1. The problem statement, all variables and given/known data

2. Relevant equations

For R, current I=E/R and for X, I=E/X... both are seperate cases.

3. The attempt at a solution

Why does the balancing change?
The potential difference across each resistor is E Itself right?

I tried by assuming an arbitary internal resistance r.
but in the book, it given as:
E2/E1 = iX/iR
but how is I same in this case when resistance is varied? They have given that I is the current in potentiometer wire.... but how does the that current cause potential difference across R? It should the current E/R or E/X that passes through R and X.

2. Feb 23, 2015

### Faris Shajahan

When I was also in 12th I had exactly the same problem...(NCERT).....

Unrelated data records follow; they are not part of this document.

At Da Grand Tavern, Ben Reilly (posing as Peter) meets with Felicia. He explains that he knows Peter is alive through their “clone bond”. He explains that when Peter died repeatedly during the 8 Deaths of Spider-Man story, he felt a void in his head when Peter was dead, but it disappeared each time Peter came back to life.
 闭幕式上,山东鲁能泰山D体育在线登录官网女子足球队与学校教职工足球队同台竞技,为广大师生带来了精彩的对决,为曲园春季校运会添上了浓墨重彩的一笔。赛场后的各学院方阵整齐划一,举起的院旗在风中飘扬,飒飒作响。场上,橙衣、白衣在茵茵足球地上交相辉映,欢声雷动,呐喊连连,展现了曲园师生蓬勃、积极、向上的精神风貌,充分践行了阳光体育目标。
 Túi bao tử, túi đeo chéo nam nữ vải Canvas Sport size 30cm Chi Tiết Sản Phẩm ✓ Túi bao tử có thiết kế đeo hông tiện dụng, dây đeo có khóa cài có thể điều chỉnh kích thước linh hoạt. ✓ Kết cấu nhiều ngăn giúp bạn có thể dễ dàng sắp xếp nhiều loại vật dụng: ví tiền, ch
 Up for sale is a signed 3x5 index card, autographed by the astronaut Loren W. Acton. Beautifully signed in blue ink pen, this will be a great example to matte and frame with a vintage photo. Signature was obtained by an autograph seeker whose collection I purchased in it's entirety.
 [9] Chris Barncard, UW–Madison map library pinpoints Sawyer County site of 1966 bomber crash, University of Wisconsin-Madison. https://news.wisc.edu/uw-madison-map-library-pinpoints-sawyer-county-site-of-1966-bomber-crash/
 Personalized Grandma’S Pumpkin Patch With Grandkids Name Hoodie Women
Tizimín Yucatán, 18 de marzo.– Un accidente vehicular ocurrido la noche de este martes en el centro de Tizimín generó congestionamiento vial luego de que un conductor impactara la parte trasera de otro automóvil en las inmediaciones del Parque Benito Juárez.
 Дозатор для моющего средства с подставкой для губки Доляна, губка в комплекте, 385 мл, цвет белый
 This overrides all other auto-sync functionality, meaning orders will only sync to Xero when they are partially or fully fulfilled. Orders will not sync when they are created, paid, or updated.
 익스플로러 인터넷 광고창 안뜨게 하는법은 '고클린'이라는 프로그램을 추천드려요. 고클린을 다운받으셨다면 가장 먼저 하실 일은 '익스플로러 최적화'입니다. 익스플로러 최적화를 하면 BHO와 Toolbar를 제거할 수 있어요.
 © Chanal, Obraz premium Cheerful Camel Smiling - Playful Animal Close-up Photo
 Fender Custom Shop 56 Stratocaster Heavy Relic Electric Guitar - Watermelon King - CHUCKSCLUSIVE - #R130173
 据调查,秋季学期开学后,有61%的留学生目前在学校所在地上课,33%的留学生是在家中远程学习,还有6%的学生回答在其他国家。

Your doubt is why the current is same and not different right?
Well, I asked my teacher and she simply got angry with me!!!

3. Feb 23, 2015

Potential difference across balancing lengthfor case R Is $V_1=\frac{V_0l_1}{L}$
And for X $V_2=\frac{V_0l_2}{L}$ where l1 and l2 are balancing lengths and V0 is the potential difference across entire length.
in the lower circuit, for R, $i_1=E/R$ and for X $i_2=E/X$ where E is the lower cell. So $\frac{I_1}{I_2}=X/R$
V1/V2 = l1/l2
But $\frac{V_1}{V_2}=\frac{I_1R}{I_2X}$ if you substitute value of ratio of the currents which is equal to X/R, you get V1=V2.

4. Feb 23, 2015

### andrevdh

The cell establishes a current through R (or X) irrespective if the balance point
have been found or not. All that the potentiometer does is it measures the potential
drop over the cell in this state, which is not e when it is balanced since the resistor
(R or X) is drawing current from it.

5. Feb 23, 2015

### Faris Shajahan

Gosh, dude! I was fine but now you have confused me!!!

6. Feb 23, 2015

At balance point, the the current from upper cell will not pass through the lower cell because the potential difference across that part of wire Is same as that across the resistor.
also, since internal resistance is zero, V=iR=E from kirchoff rule in lower loop.

7. Feb 23, 2015

### BvU

This last statement is in conflict with the text of post #1 : 58.3 cm vs 68.5 cm can't be with the same $\epsilon$

8. Feb 23, 2015

Why should the balancing length change?

9. Feb 24, 2015

### andrevdh

The cell establishes a current in the resistor.
This means that its terminal voltage would not
be e due to the voltage drop over its own internal resistor.
The potentiometer sees the terminal voltage over the cell ,
which is the same voltage as that over the R or X resistor.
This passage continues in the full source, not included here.